Disease stage at baseline comprised stage I (4.1%), stage II (24%), stage III (45%), and stage IV (27%). Thirty-six percent of patients received neoadjuvant therapy, and 46% underwent adjuvant treatment. Twenty-four percent of patients enrolled during the minimal residual disease window, defined as 2 to 10 weeks after surgery and prior to the start of adjuvant therapy; patients also enrolled while receiving adjuvant therapy (14%) and during surveillance (63%).
Additional DFS and ctDNA Data
In patients with stage IV disease, the median DFS was 9.76 months (95% CI, 7.62-11.76) in the trifluridine/tipiracil arm (n = 34) vs 3.96 months (95% CI, 3.71-7.98) for those in the placebo group (n = 32; HR, 0.53; 95% CI, 0.32-0.87; P = .012). In those with stage I to III disease, the median DFS was 9.27 months (95% CI, 7.62-10.97) and 6.05 months (95% CI, 4.63-9.23) for trifluridine/tipiracil (n = 88) and placebo (n = 89), respectively (HR, 0.86; 95% CI, 0.61-1.2; P = .375).
In the overall population, the rates of conversion to ctDNA negativity were 17.2% (95% CI, 11.0%-25.1%) in the trifluridine/tipiracil arm vs 12.4% (95% CI, 7.1%-19.6%) in the placebo group (odds ratio, 1.469; 95% CI, 0.718-3.008; P = .367). Conversion to ctDNA negativity was defined as a negative test at the first post-treatment assessment.
Safety and QOL Data
Any-grade adverse effects (AEs) occurred in 98.4% of patients in the trifluridine/tipiracil arm vs 57.0% of patients in the placebo group. The rates of grade 3 or higher AEs were 73.0% and 3.3%, respectively. Serious AEs and AEs leading to study discontinuation occurred in 4.9% and 6.6% of patients in the trifluridine/tipiracil arm, respectively. These rates were both 0% in the placebo arm. No patients in either group experienced AEs leading to death.
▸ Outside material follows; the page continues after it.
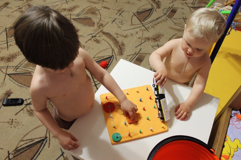И тут пришёл Митя. Водрузил автобус: оказалось, он занимает как раз одну дорожку. Ну что ж, играем в парковку. Притащили маленькие машинки, трактор, вертолёты. Возили по дорожкам, парковали (Митя - бессистемно, Серёга иногда получал задания: приземлиться в сине-жёлто-белый квадрат, например, а потом отыскать такие же…) Объезжали друг друга, можно было ещё направления движения закрепить, но не стала перегружать.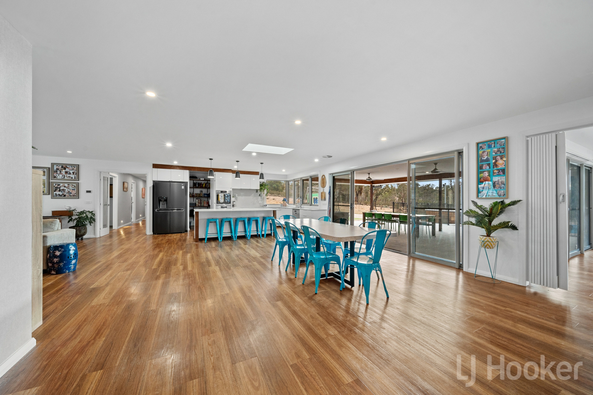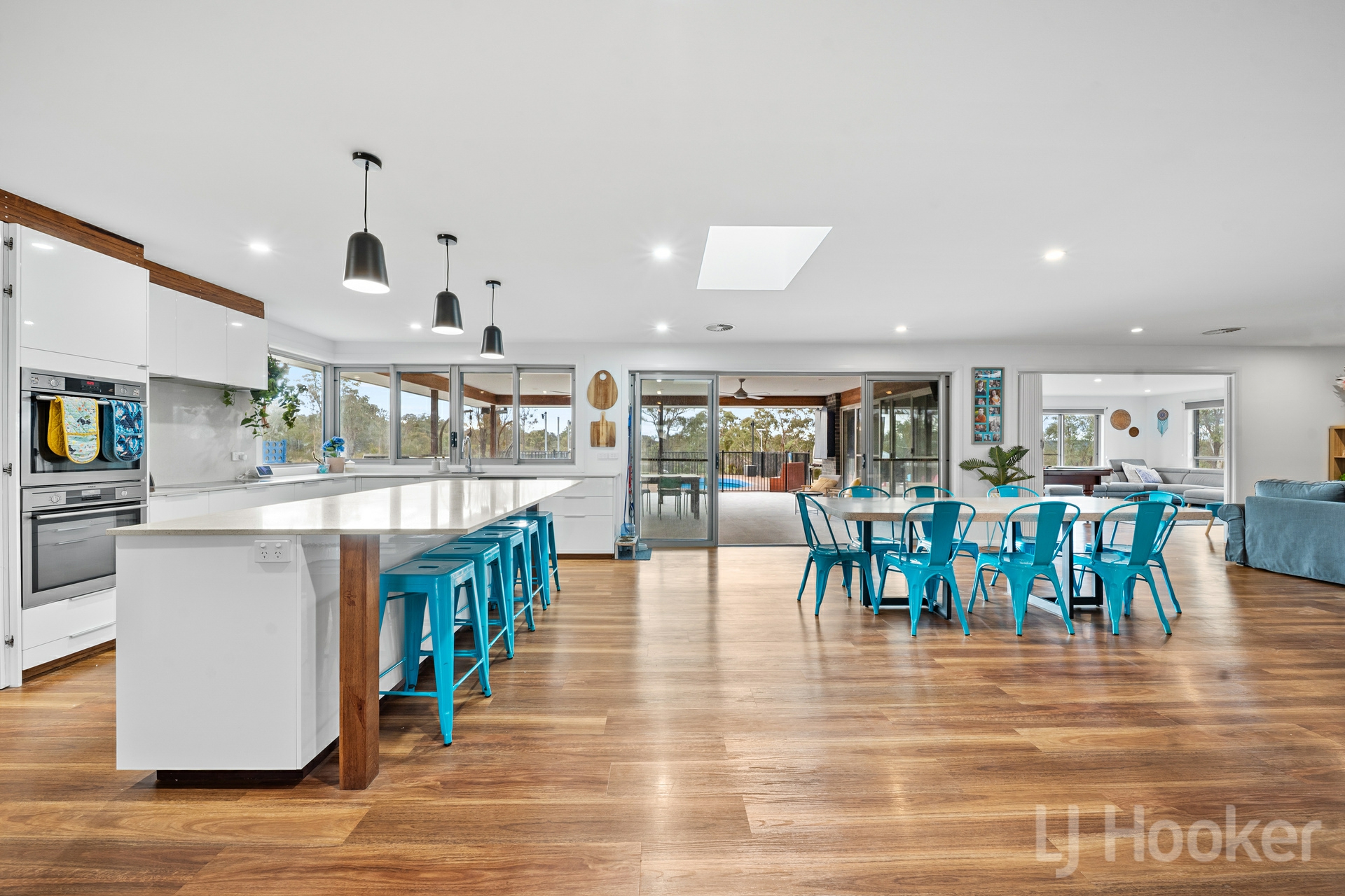 The eight-year-old home is immaculately presented, featuring five generous size bedrooms with built-in robes (plus a sixth if needed), three bathrooms, and three generous living areas including a versatile rumpus room. The master suite is a standout, with a stylish ensuite with double walk-in shower and spa bath as well as a walk-in robe, while the open plan layout flows effortlessly and is filled with natural light from skylights and remote blinds.

Any-grade AEs of note consisted of decreased neutrophil count (trifluridine/tipiracil, 74.6%; placebo, 4.1%), decreased white blood cell count (63.9%; 3.3%), decreased platelet count (12.3%; 3.3%), and decreased lymphocyte count (8.2%; 0.8%). In the trifluridine/tipiracil arm, the rates of these AEs occurring at grade 3 or higher were 56.6%, 17.2%, 1.6%, and 4.1%, respectively. None of these AE were reported at grade 3 or higher in the placebo arm.
AEs led to dose skipping in 95.1% of patients in the trifluridine/tipiracil arm vs 11.6% of patients in the placebo group. The rates of AEs leading to dose reductions were 37.7% and 0.8%, respectively. The median treatment duration was 174 days (range, 8-251) in the trifluridine/tipiracil arm vs 150 days (range, 40-187) in the control arm.
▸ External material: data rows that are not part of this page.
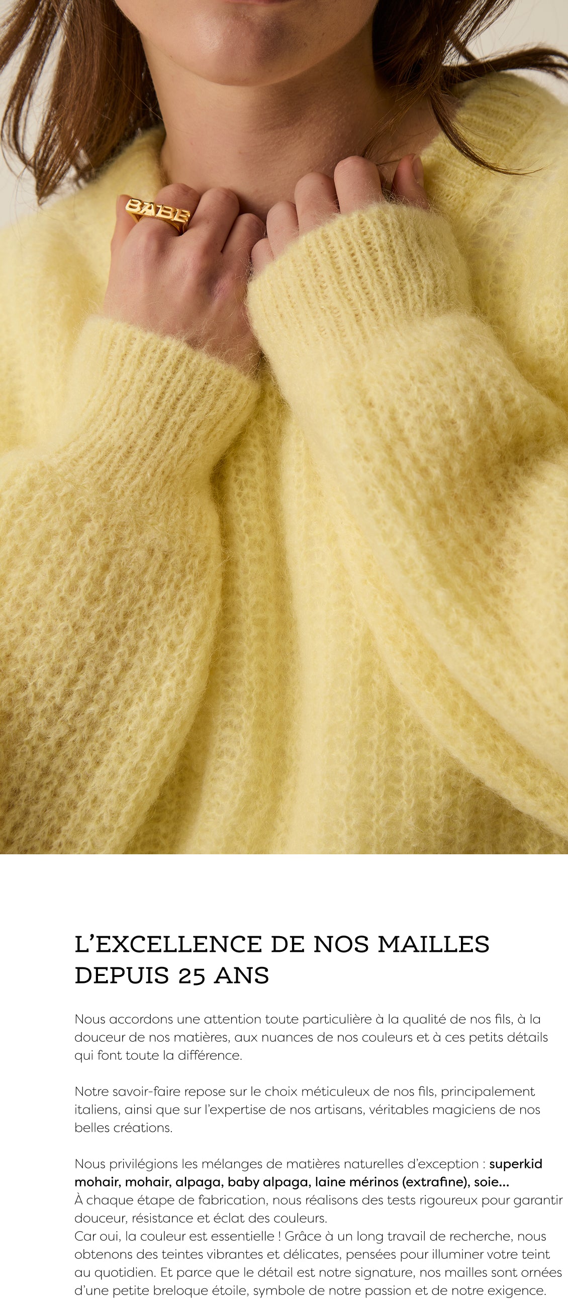 Si vous en prenez soin, elle vous accompagnera longtemps (presque toute une vie !) avec douceur et élégance.Dans ce petit guide, découvrez l’origine et les particularités de votre maille, et aussi nos conseils d’entretien pour la garder belle au fil du temps.
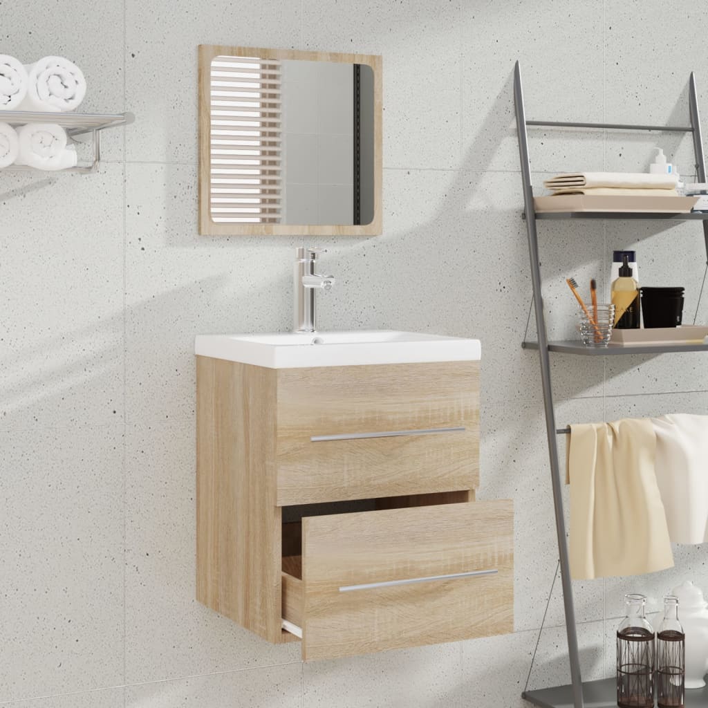 Donnez du cachet à votre salle d’eau grâce à l’Armoire de salle de bain avec miroir Chêne Sonoma, une pièce à la fois esthétique et fonctionnelle. Sa finition Chêne Sonoma apporte un charme contemporain, tout en offrant une organisation impeccable à votre espace.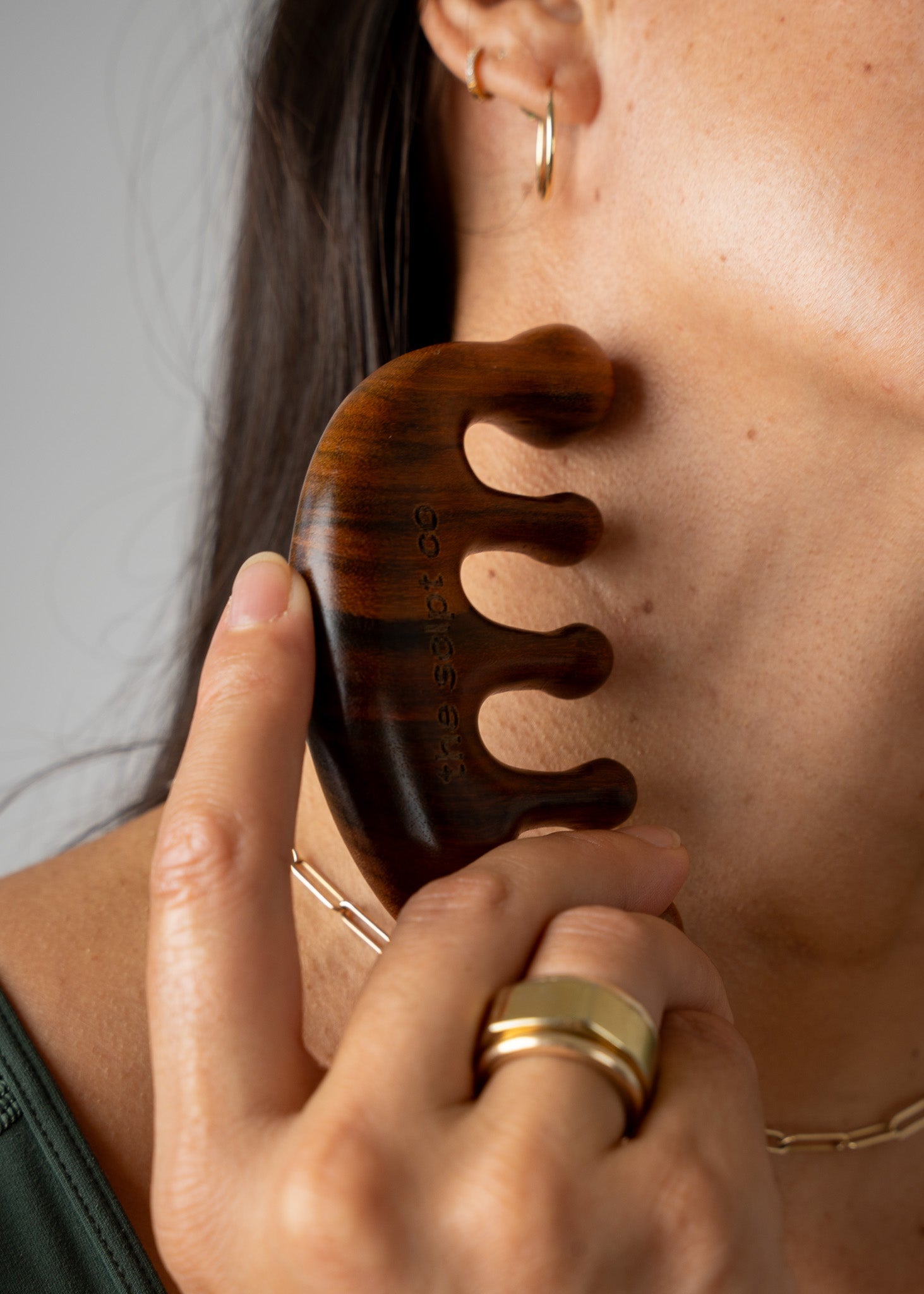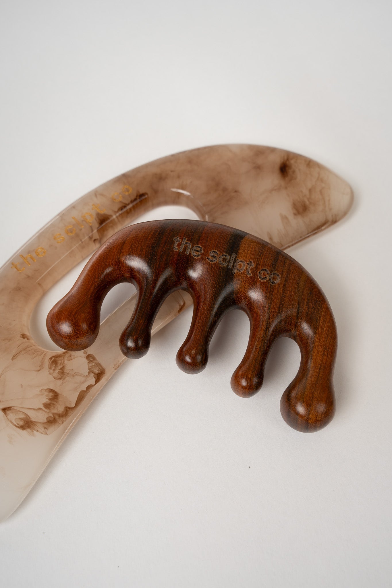 Enhance your wellness routine with this Gua Sha Body Set. Designed to stimulate energy flow throughout the body, release muscle tension and encourage lymphatic drainage. You will experience a more relaxed and refreshed self integrating this ritual into your routine. This set includes a wooden comb and eco-resin body fascia releaser. A lightweight combo to focus on multiple angles of the body.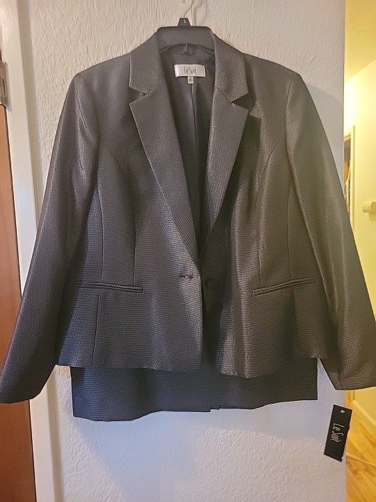 Le Suit Women's Side-Slit Skirt Suit (Black, 18)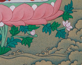 Bring calm and spiritual peace into your space with this vibrant Bhaisajyaguru Buddha Thangka, hand-painted in the traditional Karma Gadri style using natural stone colors and genuine 24K gold. Created from fine cotton canvas, the surface is initially prepared with natural chalk gesso to ensure a smooth, flawless foundation. The natural stone colors, sourced from minerals, precious stones, and botanical elements—give the thangka its rich, earthy tones and spiritual authenticity. Delicate layers of 24K gold highlight Bhaisajyaguru's aura, robe details, and celestial throne, making the artwork shine with divine brilliance and depth. The soft, spacious composition of the Karma Gadri tradition enhances the thangka’s meditative quality, letting the viewer connect deeply with the healing presence of the Medicine Buddha.

Regarding QOL, Kotaka noted that EORTC QLQ-C30 scores dropped during treatment, and a significant decrease in global health status occurred at week 8 in the trifluridine/tipiracil group (P = .028). No significant differences were reported between the arms following treatment from week 24 and beyond.
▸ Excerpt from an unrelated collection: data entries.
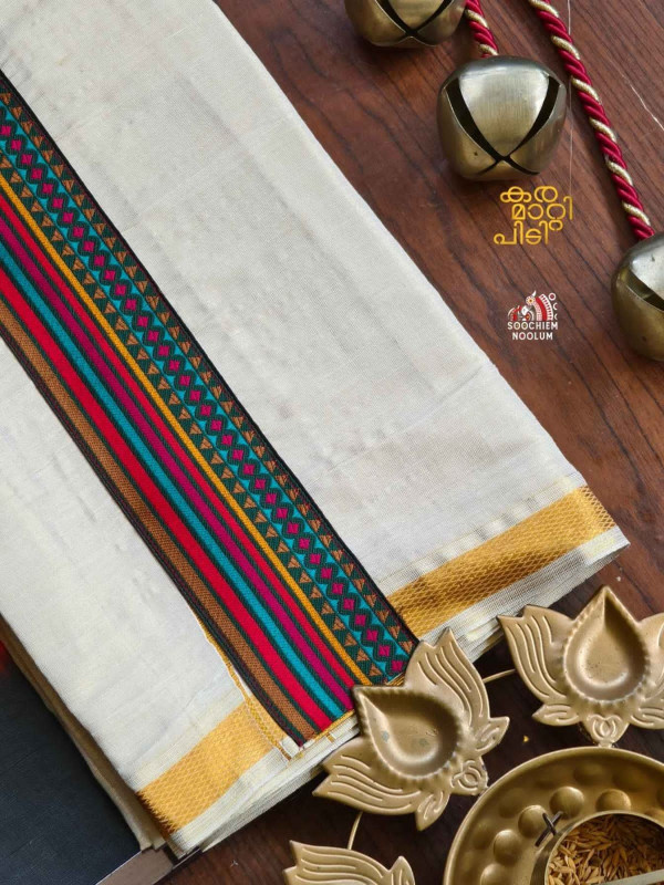 Product Specifications: Multi Colour Embroidery Golden Kasavu Single Dhoti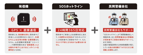 警備会社、さらには公的救助機関の協力によって「HITOCOCO」が発する専用電波を探知し、捜索・発見することも可能となるのです。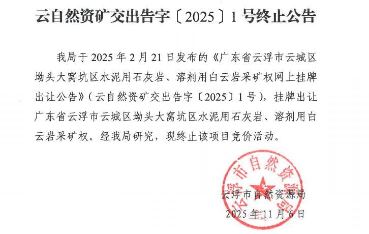 11月6日,廣東省云浮市自然資源局發(fā)布云城區(qū)坳頭大窩坑區(qū)水泥用石灰?guī)r、溶劑用白云巖采礦權(quán)終止出讓公告。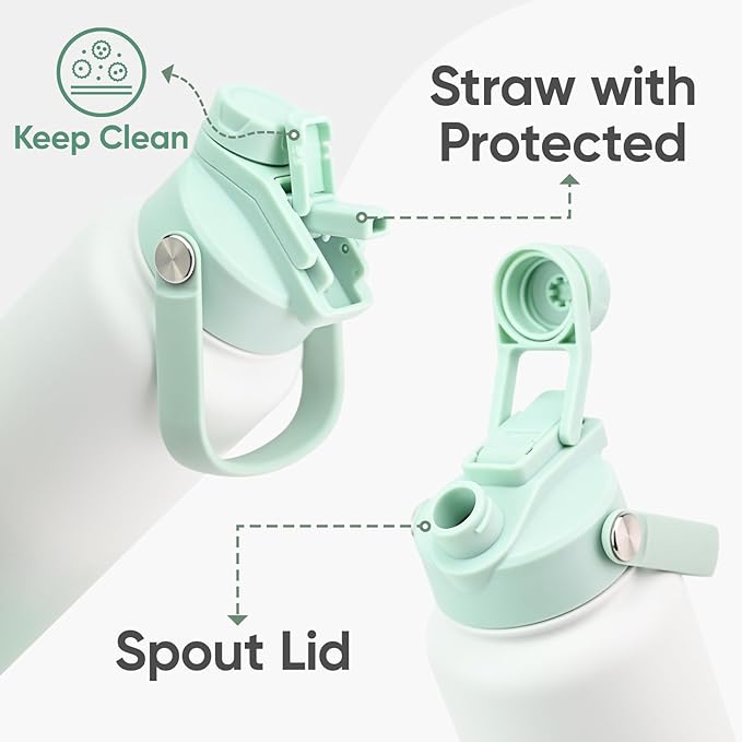 32 oz Insulated Water Bottle, 2-in-1 Lid, Straw & Spout with Protected, Leak Proof, Keep Cold, Stainless Steel, Metal, Reusable, Handle, for Outdoor, Gym and School, 2 Lids, Iced Mint

Disclosures: Kotaka reported receiving honoraria from Chugai Pharmaceuticals, Takeda Pharmaceuticals, and Eli Lilly.
Reference
Kotaka M, Bando H, Watanabe J, et al. Association of ctDNA clearance with disease-free survival, safety, and quality of life from ctDNA-directed therapy: Findings from the ALTAIR study. Presented at: 2025 ESMO Gastrointestinal Cancers Congress; July 2-5, 2025; Barcelona, Spain. Abstract 3O.